Information provided:
*** Block opens ***

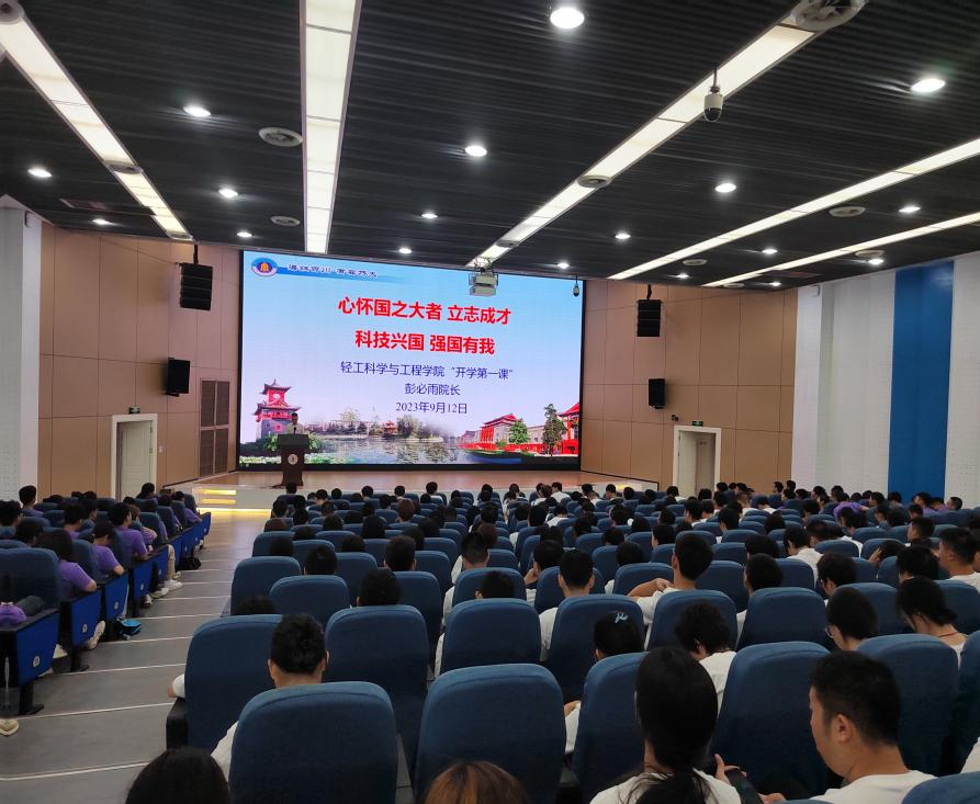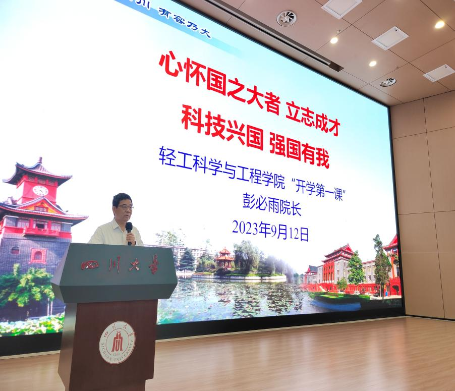 为深入贯彻党的二十大精神,全面贯彻党的教育方针,大力培育和践行社会主义核心价值观,推进习近平新时代中国特色社会主义思想进教材进课堂进头脑,落实立德树人根本任务,做好2023级新生入学教育工作,2023年9月12日上午,彭必雨院长在江安校区水上报告厅以《心怀国之大者 立志成才 科技兴国 强国有我》为主题向2023级本科生讲授开学第一课。学院党委冯国涛副书记主持。
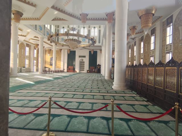 5分 超棒窦店清真寺占地14958平方米,建筑面积12142平方米,能同时容纳1500人礼拜。清真寺呈回字形布局,设有大殿、副殿、讲堂、办公室、接待室、会议室、展室、埋体房、洗浴室、餐厅等,大殿位于正中央,形成“众星捧月”的建筑风格,是华北地区最大的清真寺。在北京市西南部房山区的窦店镇窦店村,一座新近修建完成的清真寺格外引人注目。步入清真寺内,高耸的邦克楼,浑圆的穹顶,伊斯兰式的雕刻图纹令人仿佛瞬间穿越到了一个阿拉伯国度。
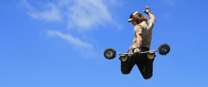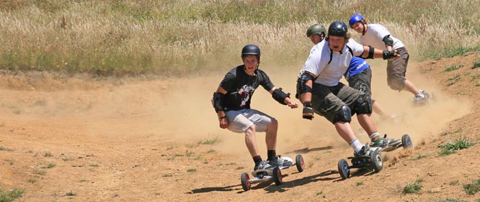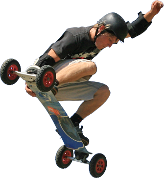 Mountainboards are also known as 'All-Terrain Boards'. These four wheeled boards will cruise over almost any surface - grass, dirt or pavement. All you need is a slope and gravity does the rest.
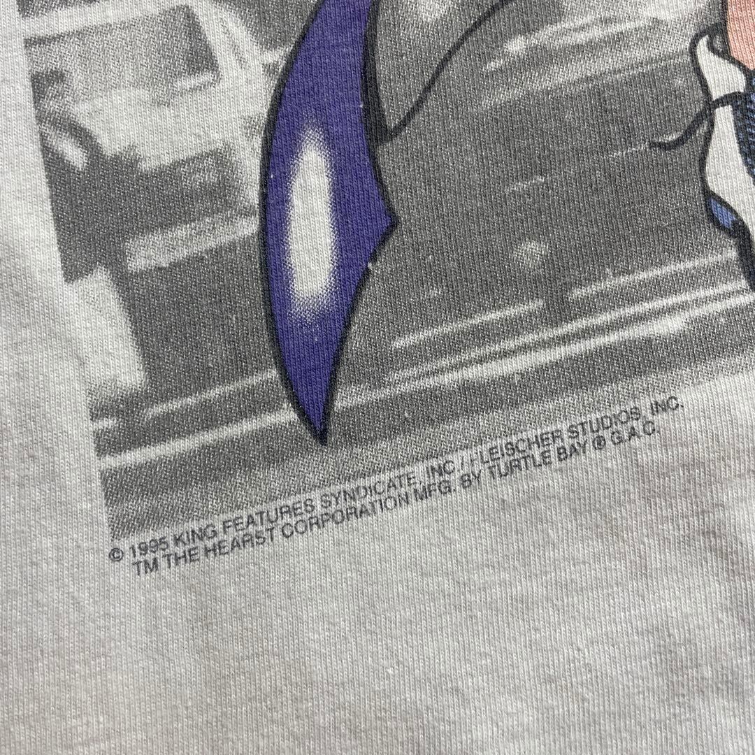大胆な街並みに立つ、どこか照れたようなベティ・ブープが主役の一枚。背景にはニューヨークの摩天楼、足元はスニーカー、アウターはパープルのトレンチ。そんな90s〜00sらしいストリート感と遊び心が詰まったグラフィックTシャツです。大きく配置された“BBNY”と“NYC”の文字がアクセントになっており、アニメTながらも都会的なムード。ボディはやや生成り寄りのホワイト。グラフィックT好きにもストリート好きにもハマる、洒落の効いた一着です。ヴィンテージ ビンテージ tシャツ シングルステッチ

*** Block closes ***

Exercise details:
Starting with the line that contains "5分 超棒窦店清真寺占地14", repeat each line exactly through the last line of the data above, and nothing more; the pictures stay out.

The completed task:
 5分 超棒窦店清真寺占地14958平方米,建筑面积12142平方米,能同时容纳1500人礼拜。清真寺呈回字形布局,设有大殿、副殿、讲堂、办公室、接待室、会议室、展室、埋体房、洗浴室、餐厅等,大殿位于正中央,形成“众星捧月”的建筑风格,是华北地区最大的清真寺。在北京市西南部房山区的窦店镇窦店村,一座新近修建完成的清真寺格外引人注目。步入清真寺内,高耸的邦克楼,浑圆的穹顶,伊斯兰式的雕刻图纹令人仿佛瞬间穿越到了一个阿拉伯国度。
 Mountainboards are also known as 'All-Terrain Boards'. These four wheeled boards will cruise over almost any surface - grass, dirt or pavement. All you need is a slope and gravity does the rest.
大胆な街並みに立つ、どこか照れたようなベティ・ブープが主役の一枚。背景にはニューヨークの摩天楼、足元はスニーカー、アウターはパープルのトレンチ。そんな90s〜00sらしいストリート感と遊び心が詰まったグラフィックTシャツです。大きく配置された“BBNY”と“NYC”の文字がアクセントになっており、アニメTながらも都会的なムード。ボディはやや生成り寄りのホワイト。グラフィックT好きにもストリート好きにもハマる、洒落の効いた一着です。ヴィンテージ ビンテージ tシャツ シングルステッチ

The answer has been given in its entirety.